If we “really know” – and let’s say children again – if *children* really know they are “boys” or “girls” – then how do you explain those who reconsider, detransition, retransition, even regret? Are they all not “real” trans people? Despite their stories being similar? Despite the therapists diagnosis, the doctor’s prescriptions? You cannot say who is going to be truly helped by transition and who is not. Especially not in the case of young children.
It’s not that children who claim to be opposite their natal sex need their statements of gender identity be wholeheartedly accepted. It’s that the confusion about gender roles, the histories of bullying or abuse, the mental health, the social and family dynamics of these children has to be examined and healed. And that is what we’re talking about here, for the sake of all confused children – and adults – who suffer through these things.
The gender roles – the “I’m a boy” and “I’m a girl” don’t mean a thing literally. Gender roles can be cast aside and a healthy, happy life lived without them. But those statements, that preoccupation with gender roles, those are red flags indeed.
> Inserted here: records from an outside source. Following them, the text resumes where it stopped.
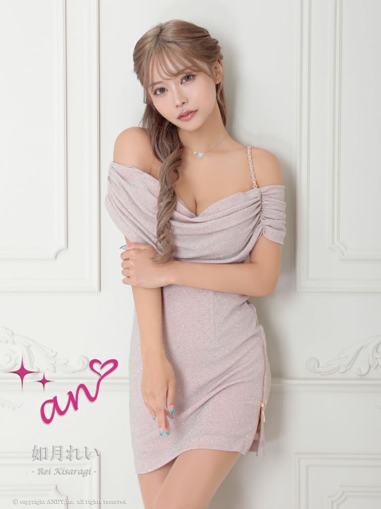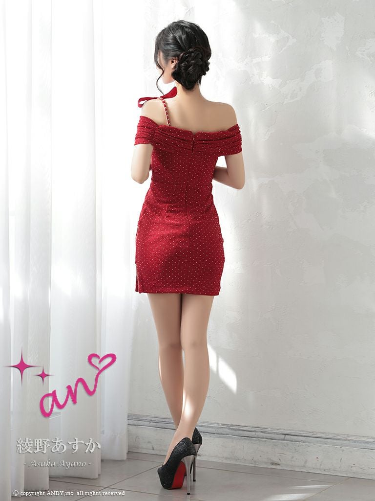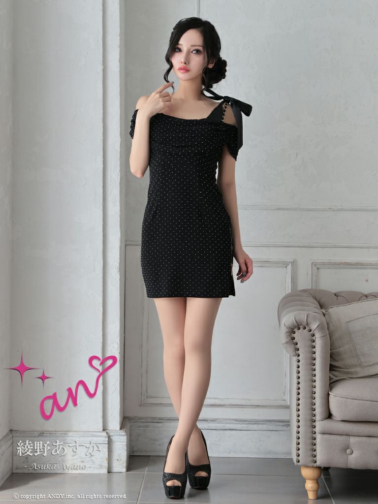 キャバドレス an アン 高級オフショルダードット柄ビジューリボンジップタイトミニドレス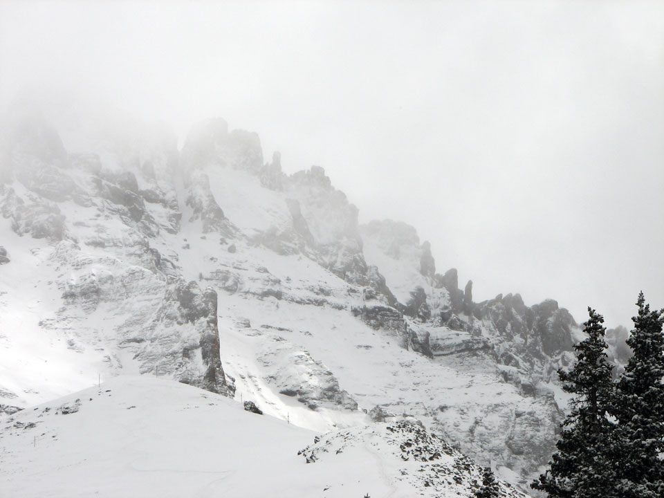 Well, there's not too many ski areas on the continent with scary mountain views like THIS, right above where you're skiing. (Sunshine and Lake Louise, up in Alberta, come close though).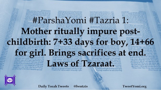#ParshaYomi #Tazria 1: Mother ritually impure post-childbirth: 7+33 days for boy, 14+66 for girl. Brings sacrifices at end. Laws of Tzaraat.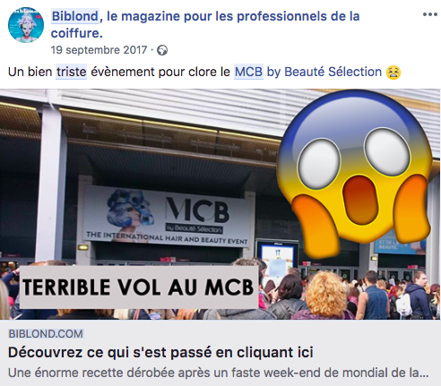 200 000 euros, c’est la somme rondelette qui a été dérobée à une société de coiffure, à la fin du Mondial Coiffure Beauté by Beauté Sélection 2017. Il y a un an déjà, Biblond dévoilait l’étonnant larcin…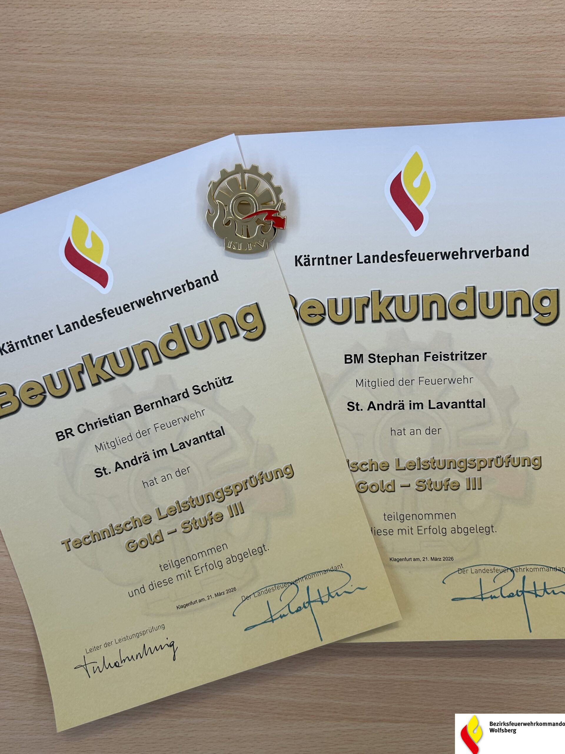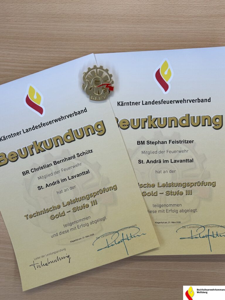 Am 21. März 2026, fand erstmalig in Kärnten die Technische Leistungsprüfung in Gold statt. Die beiden Kameraden BR Christian Schütz und Bm Stefan Feistritzer der FF St. Andrä stellten sich dieser anspruchsvollen Herausforderung und absolvierten die Prüfung erfolgreich.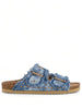 La ciabatta più amata dell'estate, in una nuova e fresca rivisitazione del denim style. La giocosa originalità della texture in denim di cotone è impreziosita da una lavorazione di borchie e strass, alla quale si alterna una raffinata bordatura sfrangiata. Le fibbie ton sur ton rendono la calzatura leggera e graziosa. Perfette con abiti leggeri e hot pants abbinati a maglie over.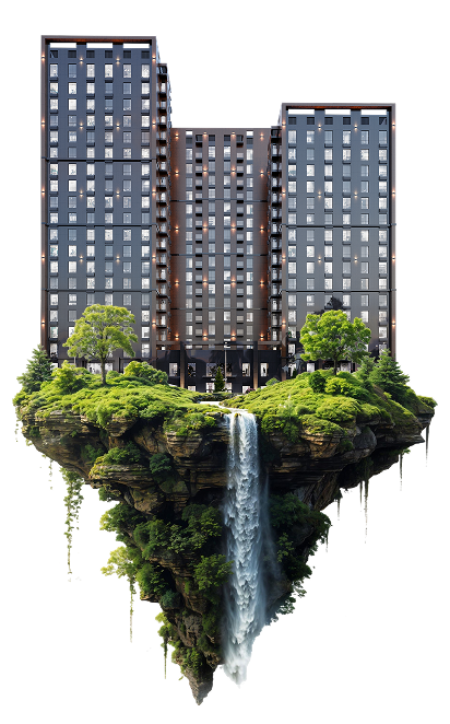 Проект ADORA — это архитектурный фьюжн, где Мы интегрируем зелёные зоны, прогулочные аллеи и панорамные виды, чтобы городской ритм дополнялся тишиной и природной гармонией.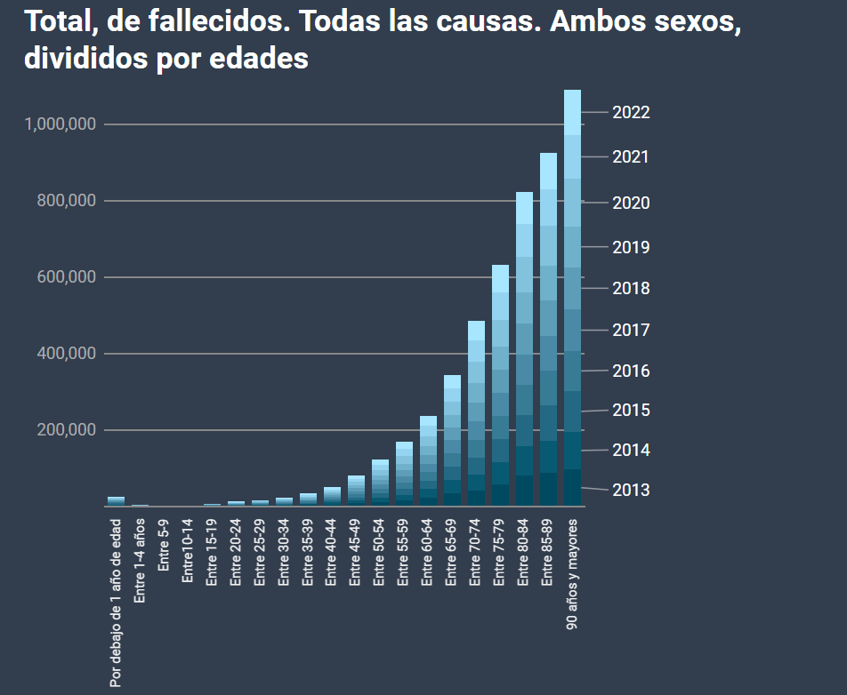 El porcentaje de hombres y mujeres fallecidos entre 2013-2022 no es una diferencia abismal. De hecho, sale una media del 50% entre ambos sexos, quedando la cosa en tablas. También se puede observar que el año de máxima mortalidad en ambos sexos fue el año pandémico de 2020.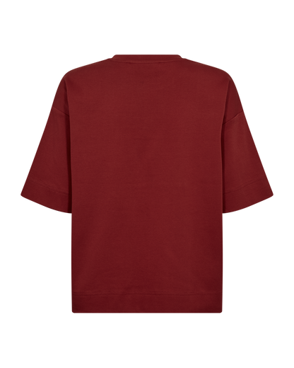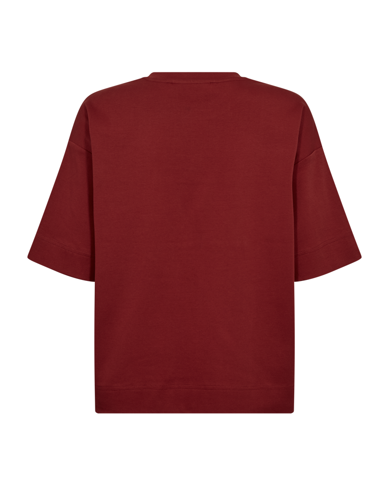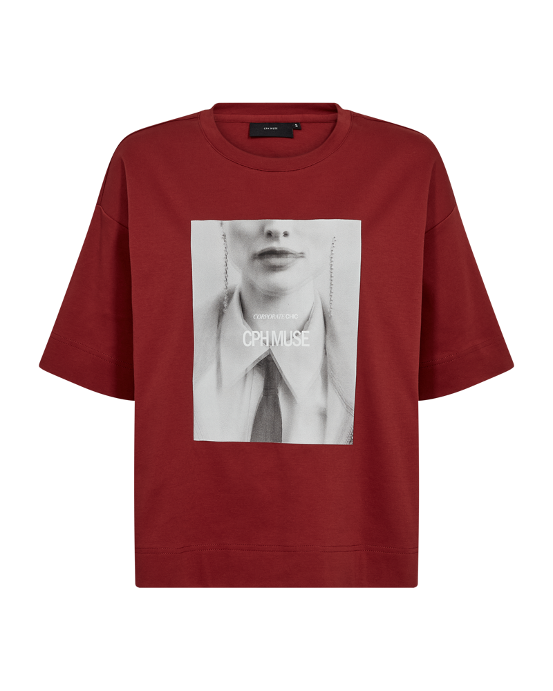 Boxy t-shirt fra Copenhagen Muse i en lækker vinrød farve. T-shirten er i kraftig kvalitet og har et cool sort/hvid print foran. Style til dine jeans eller de grå Tailor bukser.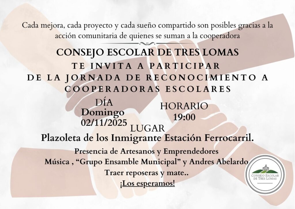 Tres Lomas Consejo Escolar INVITACIÓN JORNADA DE RECONOCIMIENTO A COOPERADORAS ESCOLARES 29 de octubre de 2025 admin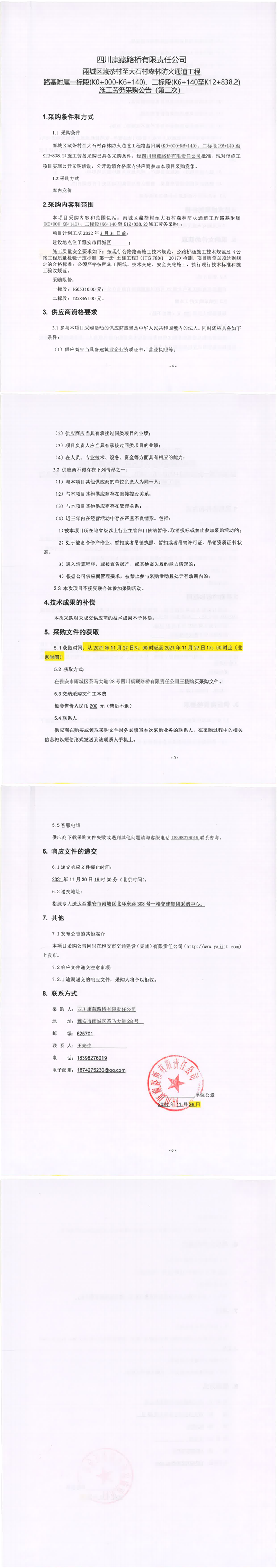 四川康藏路橋有限責(zé)任公司雨城區(qū)藏茶村至大石村森林防火通道工程路基附屬一標(biāo)段(K0+000-K6+140)、二標(biāo)段(K6+140至K12+838.2)施工勞務(wù)采購公告(第二次)

Since the brain doesn’t fully finish developing until about age 25, how can children really know themselves best? They don’t have enough cognitive development or life experience to know exactly who they are and what they want to do with their lives. We change and grow so much over the years. Even if there are some things we always passionately know and want, like wanting to be a doctor since age five, we still evolve in how we think about those life goals as we get older. For example, I’ve been a writer since I was four years old, and when I was a lot younger, I thought I’d automatically become rich and famous as a teenager.
There’s no evidence of transkids in history, not the way we have extensive, obvious evidence of gay people existing well before it was socially acceptable and no longer hidden away. I just don’t understand how anyone could buy the media stories hook, line, and sinker, instead of applying principles of skeptical inquiry. I know so many people who are skeptical about everything they deem woo (pseudoscience), even things which aren’t either pseudoscience or science, like cloth menstrual pads, just because it’s associated with the crunchy crowd. Yet when it comes to the transkid trend, then they’re all about parroting nonsense like “Some women have penises!” instead of looking at the actual science.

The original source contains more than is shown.